Terminator 2: Judgement Day

Year: 1991
Production Co: Carolco Pictures
Studio: Columbia
Director: James Cameron
Producer: James Cameron
Writer: James Cameron/William Wisher
Cast: Arnold Schwarzenegger, Linda Hamilton, Edward Furlong, Robert Patrick, Joe Morton

In Aliens, James Cameron didn't exactly top Dan O'Bannon and Ridley Scott's visions for the original as much as add a thrilling new element, turning a moody, technically brilliant and very scary horror story into an action packed flight of machismo and tension. So it was with baited breath we all waited to see what he'd do with his own seminal masterwork of storytelling and filmmaking economy.

Given an expanded toolset, budget and scope, Cameron met and surpassed expectations again, like he's done in every movie he's worked on apart from True Lies, which was really only an action comedy, albeit an expansive one. The word 'revolution' is bandied about in the film press whenever his name is mentioned, whether it's recreating a 700-metre long passenger liner from the early 20th century (backwards) or a faraway world of blue aliens.

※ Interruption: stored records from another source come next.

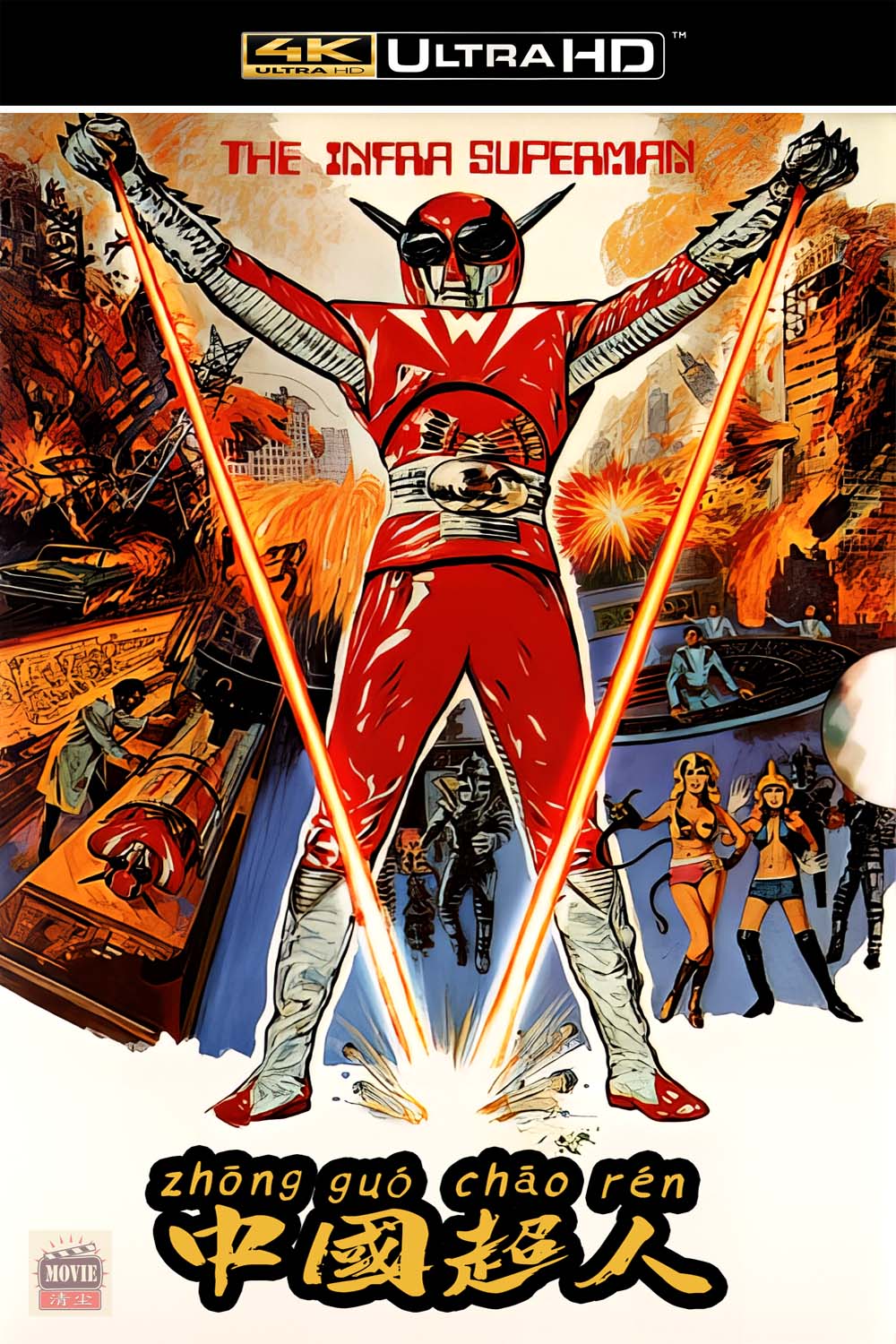 中国超人 1975 这部中国版假面骑士豆瓣评分5.9,国外烂番茄竟然满分,果然中外对事物的审美还是有差异的,本人对这类皮套类电影不感兴趣,只是今天刷到编剧雷神介绍这部电影,导演佩顿.里德执导的漫威电影蚁人的视觉设计竟然是受到了这部电影的启发,正所谓爱屋及乌,萝卜青菜,各有所爱吧,推荐给喜欢此类型电影的朋友吧 ◎名 称: 中国超人 ◎豆瓣评分: 5.9分 ◎导 演: 华山 ◎编 剧: 倪匡 ◎产 地: 中国香港 ◎主 演: 李修贤 / 王侠 / 袁曼姿 ◎年 代: 1975 ◎片 长: Germany: 80 分钟 / USA: 90 分钟 / Hong Kong: 88 分钟 ◎又 名: The Super Inframan ◎语 言: 国语/粤语 ◎类 型: 动作 / 科幻 ———— 简 介 ———— 城市突然遭遇大规模的袭击,陷入了一片火海之中。科学研究所的刘英德所长临危受命,排查灾难原因,在调查死火山的地震时获得冰河魔主发来的威胁信息:狂妄自大的魔主要全人类俯首称臣,否则将给予人类毁灭。各方汇聚商讨对策,原来冰河魔主和一班仆从是冰河时代人类的残留,他们的特殊体质意味着强大的破坏力。刘所长随即安排研究员雷马(李修贤 饰)进行人体改造,以期成为战无不胜的中国超人对抗魔主。冰河魔主先下手为强,派遣精锐怪物袭击研究所,千钧一发之际,雷马的超人改造获得成功,将怪物击退。但是魔主此役将一名研究员改造成了自己的间谍,雷马和众研究员在魔主的内外夹攻中展开了捍卫人类的战斗…… 影片截图:
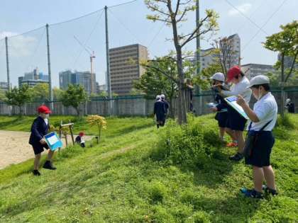 栄小学校には緑が多いので、春の生き物がたくさんいます。
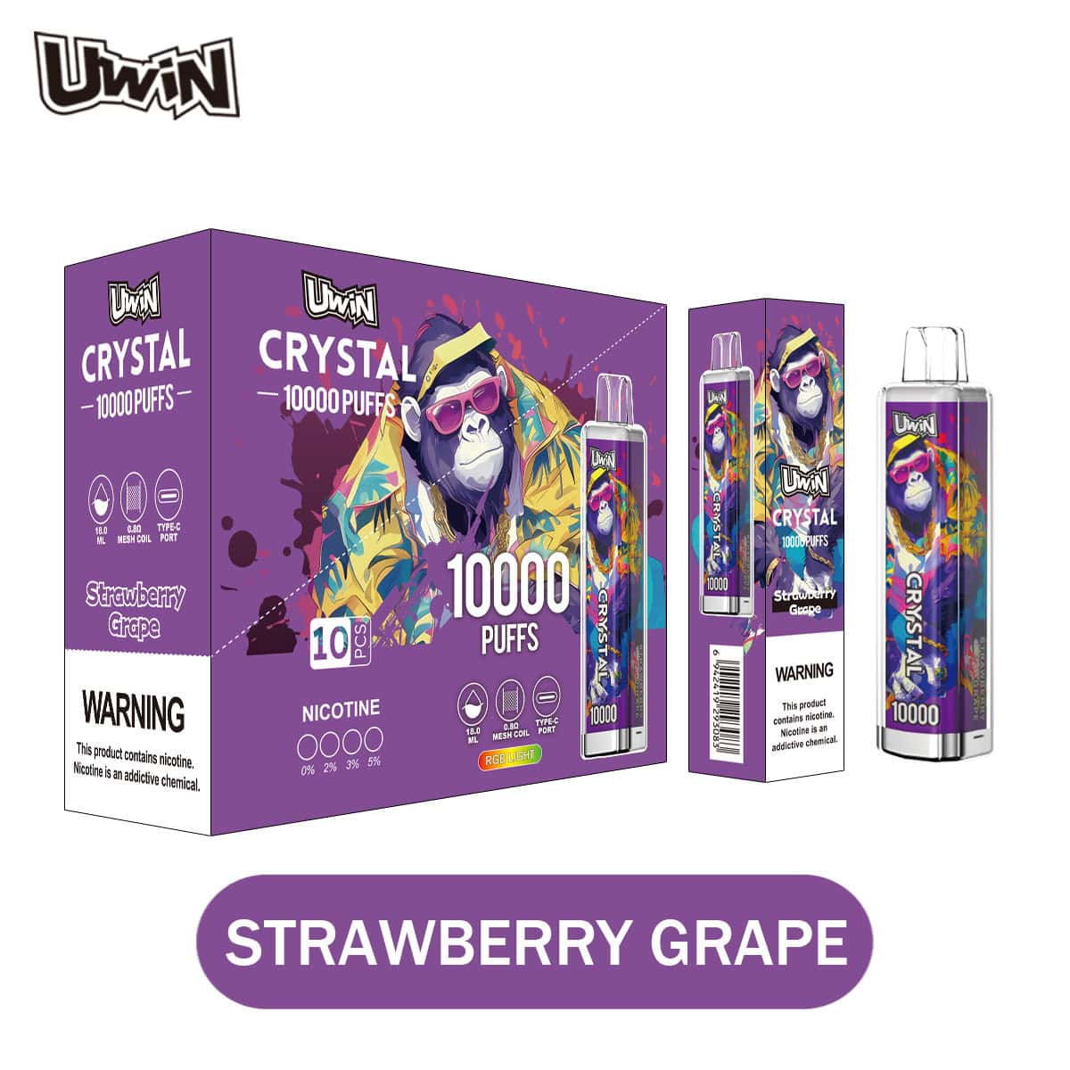 Uwin Crystal 10000 drivs av ett 650 mAh-batteri med typ C-laddningsport och erbjuder effektiv energi och snabb laddning för oavbruten njutning. De lysande RGB-lamporna ger enheten en iögonfallande estetik som gör varje drag visuellt tilltalande och kombinerar stil med funktionalitet i en kompakt enhet.

In the second part of the Connor family's trials and tribulations it was CGI, a technology so passé nowadays it's just another filmmaking tool like sound or colour. Two scenes in particular stand out in our collective memory, that of the T1000 (Patrick) emerging from the inferno of the truck after John's (Furlong) managed to escape it with the T800's (Schwarzenegger) help. The other is when the T1000 crashes his head through the helicopter window and pours himself, like a jar of mercury, into the passenger seat.

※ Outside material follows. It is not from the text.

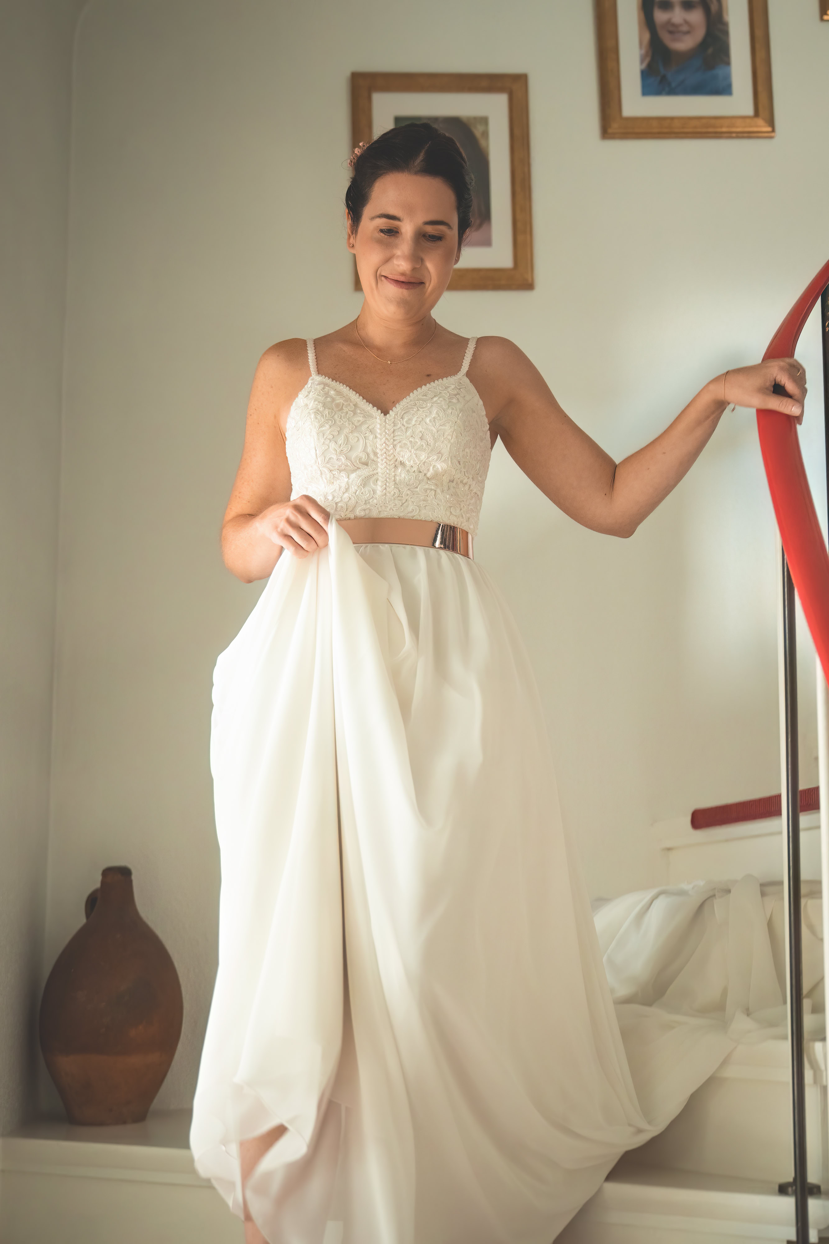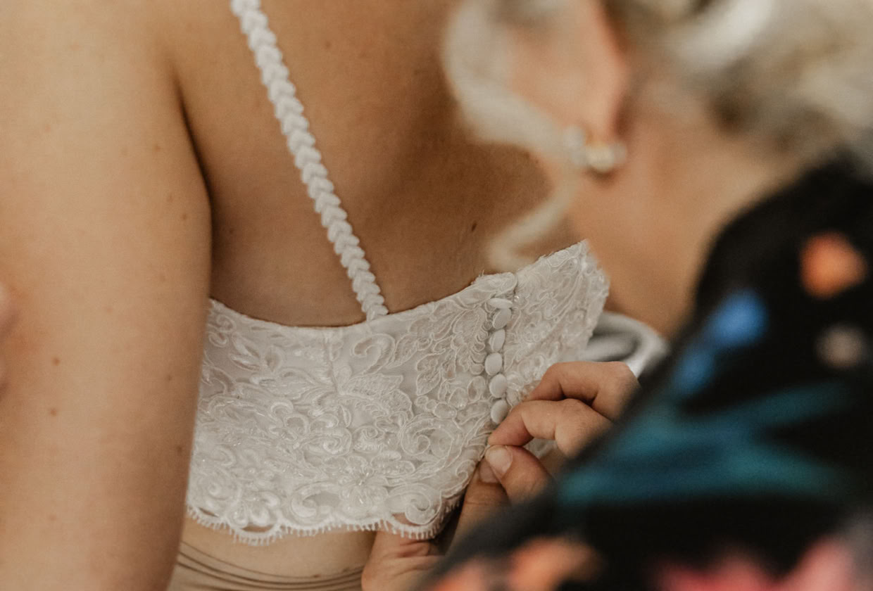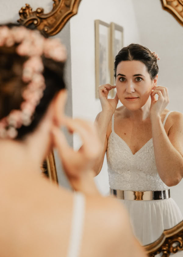 Ich durfte Katharina bei ihrem Getting-Ready begleiten, als sie sich auf ihren großen Tag vorbereitete. Es war eine emotionale Zeit, als ihre Familie sie unterstützte und ihre beste Freundin Beatrice ihr in ihr traumhaftes Brautkleid half. Ich konnte die freudige Aufregung förmlich spüren, als Katharina die Treppe hinab schritt und alle im Hausflur auf sie warteten, um den ersten Blick auf die strahlende Braut zu erhaschen.

Along with a dozen other endlessly replayable moments like Sarah's (Hamitlon) dream of the nuclear attack on LA, it's a very fondly remembered film, so it's a surprise to realise the story's essentially a redux of the original. Whereas John once sent his closest lieutenant Kyle Reese back in time to battle a T800 Skynet had sent back to kill his mother before he could be born, this time he sends a captured and reprogrammed T800 back to protect his teenage delinquent self when Skynet send back a new model, the more svelte, liquid metal T1000.

After the events of the first movie, Sarah is now an urban commando, having spent most of John's life on the run before the law caught up with her, took John away and put her in an institution. When the T800 makes itself known to John, he takes it to rescue his mother and stop the seemingly-unstoppable T1000 in its tracks.

You'll have so much fun reveling in the unabashed testosterone of Cameron's romp you won't have a minute to consider any shortcomings in the originality of the story.